Not exactly the most “zen” place to practice yoga, I thought.
Our instructor taught us some basic poses (like cat, cow, and downward dog) that my not-awesomely-flexible body could actually hold with ease. Mirroring my instructor’s body, limb by limb and movement by movement, wasn’t the difficult part.
It was the way she asked us to breathe. It was the way she asked us to — gasp — focus on our breath.
She asked us to breathe out when my body was craving a gulp of air. She asked us to inhale for the duration of a pose, which made me lightheaded.
It just didn’t feel right. None of it felt good. I felt like I was hurting my body, somehow, by breathing in a manner inconsistent with its own bidding.
And what’s worse is that the class caused me to focus on my breath to an even greater extent than I had been before.

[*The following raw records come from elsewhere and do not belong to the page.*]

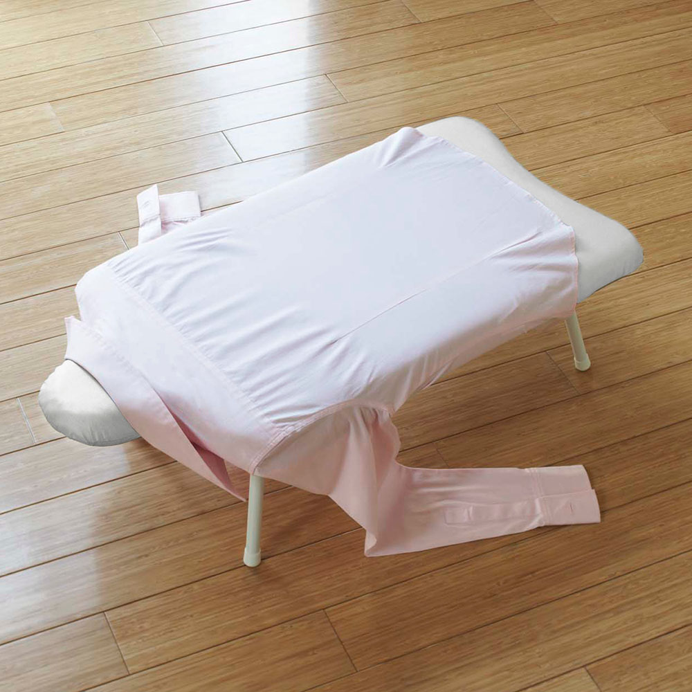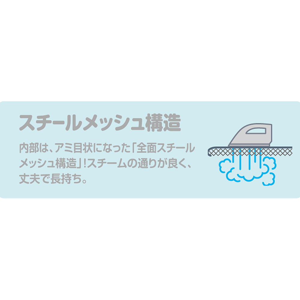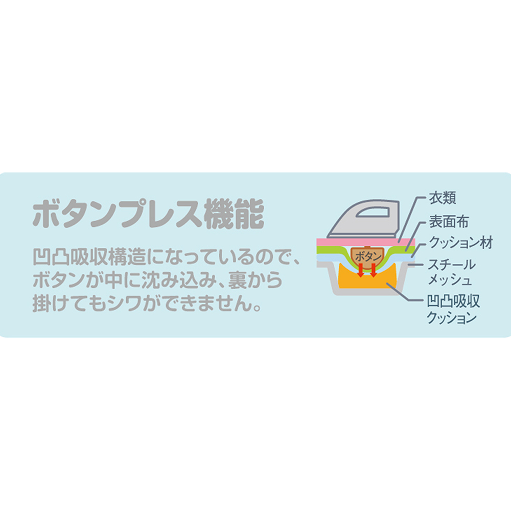 人体構造を考え、機能・掛け心地を追求した構造で服にぴったりフィットするのでちょっとした作業が楽に、仕上がりもキレイ。忙しい毎日のアイロン掛けに活躍してくれます。アイロン台の老舗「山崎実業」の商品です。とても使いやすい人体型スチールメッシュアイロン台毎日の家事を快適にする工夫が光る人体型スチールメッシュアイロン台です。洋服がアイロン台にぴったりフィットし、シャツやブラウスなどのアイロン掛けが簡単に美しく仕上がります。人体構造に沿った舟形フォルム|アイロンがけが格段にラクになる人体型フォルムを採用することで、シャツや襟・カフス、袖といった細かい部分まで隅々までしっかりアイロンがけが可能。台の凸部分を活用することで生地がズレにくく、不自然なシワになりにくい設計です。大人サイズの衣類もストレスなく一気に仕上げられます。丈夫なスチール製&メッシュ構造|安定感と通気性を両立天板・脚部は粉体塗装のスチール製。しっかりとした作りで作業中も安定感も◎。内部はアミ目状になったスチールメッシュ構造です。メッシュ構造は、スチームの通りがよく、パリッと美しい仕上がりを実現します。熱による歪みなどが生じにくく、長く使用できます。クッション材にはポリエステル、表面生地には麻混素材のカバーを使用したこだわりの仕上がり。麻混カバーのメリット綿100%の生地よりも摩擦に強くまた熱にも強い耐久性がポイントです!ボタンプレス機能付き凹凸吸収構造になっているので、ボタンが沈み込み、裏から掛けてもシワができず、キレイに仕上がります。収納しやすいコンパクト設計&フック付きご使用後は脚をパタンと折りたためることが可能です。クローゼットやすき間に省スペースで収納できるのはもちろん、付属のフックでハンガーのように掛けてスッキリ収納もOK。忙しい毎日でもサッと出して、サッと片付けられる快適さです。
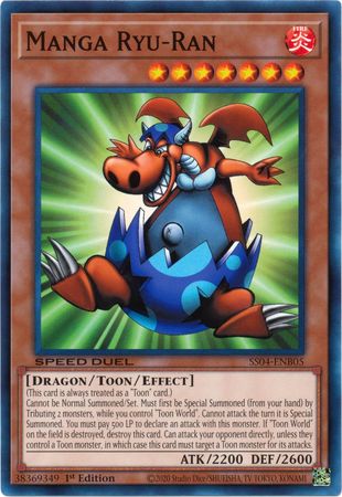 (This card is always treated as a "Toon" card.) Cannot be Normal Summoned/Set. Must first be Special Summoned (from your hand) by Tributing 2 monsters, while you control "Toon World". Cannot attack the turn it is Special Summoned. You must pay 500 Life Points to declare an attack with this monster. If "Toon World" on the field is destroyed, destroy this card. Can attack your opponent directly, unless they control a Toon Monster, in which case this card must target a Toon Monster for its attacks.
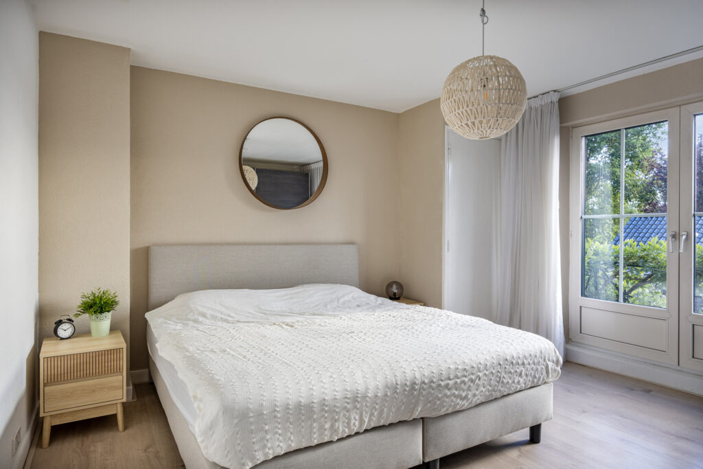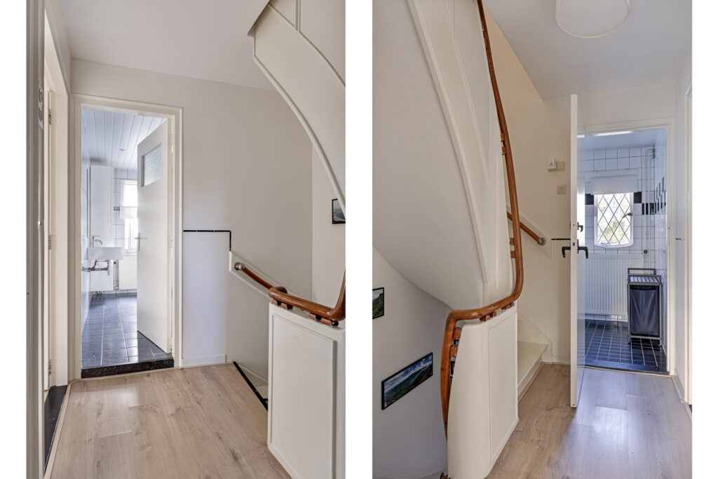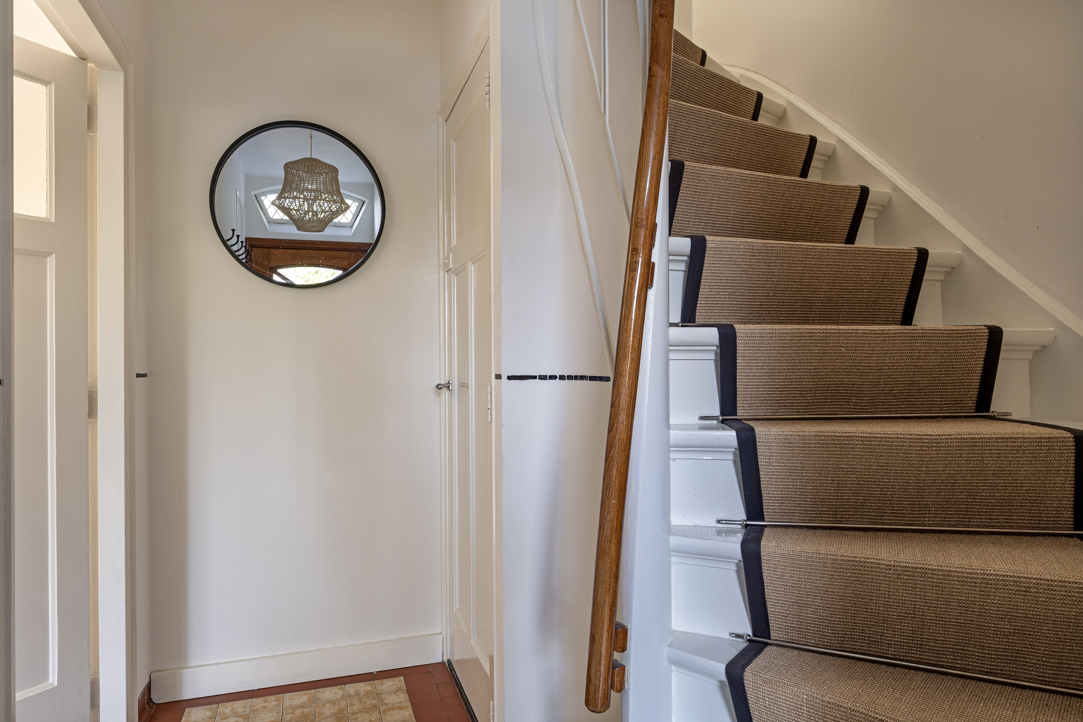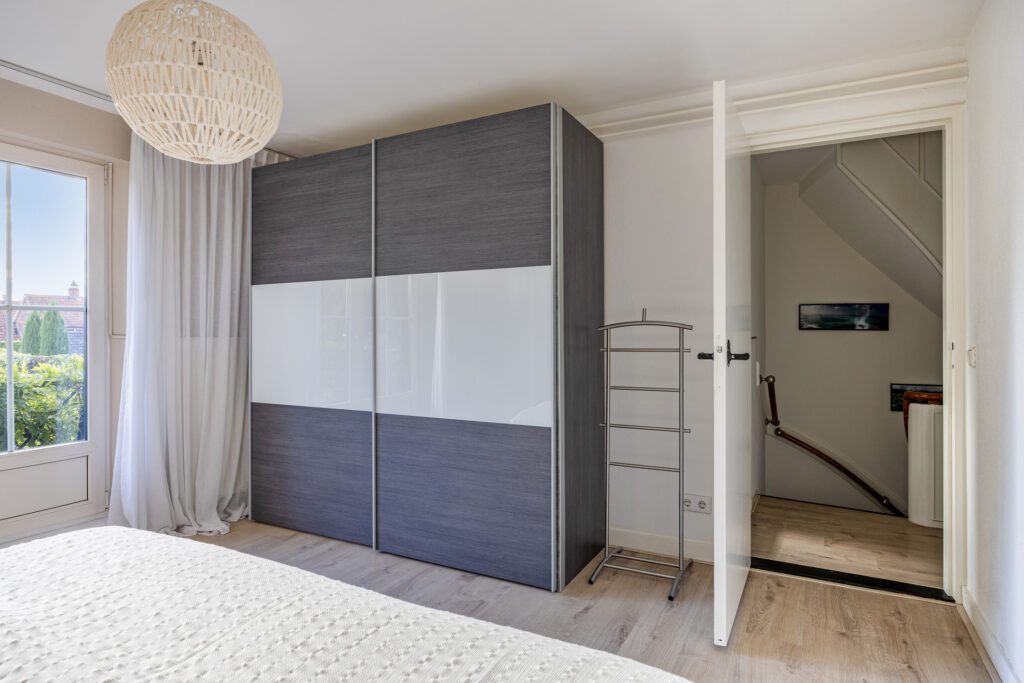 Het trappenhuis doet niet onder voor de rest van het huis. De fraai vormgegeven trappen naar 1e en 2e verdieping zijn kunstwerken op zich. Op de 1e verdieping vinden we 2 ruime slaapkamers met vaste kastruimte. De slaapkamer aan de achterzijde heeft 2 openslaande deuren naar het balkon. In de ochtend stap je de ruime badkamer in en deze heeft alles wat je nodig hebt: een ligbad, inloopdouche en wastafel. De toilet vinden we aan de andere zijde van de overloop. Ook de wasmachine en droger vinden hier een plek.

More than once, it made me panic — to the point of leaving class. (I ended up getting a C because of those missed classes, too.)
USING YOGA ON YOUR OWN TERMS
In the years that have passed since I took that yoga class in college, I’ve learned a lot more about breathing. It took me a full two years to learn how to breath diaphragmatically without getting all anxious and air-hungry about it, and I’ve since taught myself enough about the autonomic nervous system to feel fairly confident that I will not stop breathing even when my mind isn’t paying attention to my breathing.
I can now pay attention to my breath when I want to — I don’t feel compelled to do it all the time in order to “make sure” I’m breathing properly. This has come with a great deal of practice.
I’m still very ambivalent about the practice of yoga. On one hand, I really love the way the stretching makes my body feel open and limber and light. I enjoy doing sun salutations. I enjoy stretching the muscles between my ribs. And I really like lying down into child’s pose to stretch out my upper back and ground me into the moment. It’s relaxing.
But I’m fairly certain I won’t be taking any more yoga classes in the future. I’ve learned many of the yoga poses from my college class and from Youtube, and using those poses on my own terms — and to the extent that they cause me comfort, not anxiety — works just fine for me.
Don’t feel as though you have to stick with a particular yoga routine (especially one involving specific breathwork) if it doesn’t feel right for you. Everyone’s body is different, and we are all at different stages in our anxiety treatment.
Avoid the pressure to conform to what works for someone else — and just sink into the stretches that work for you.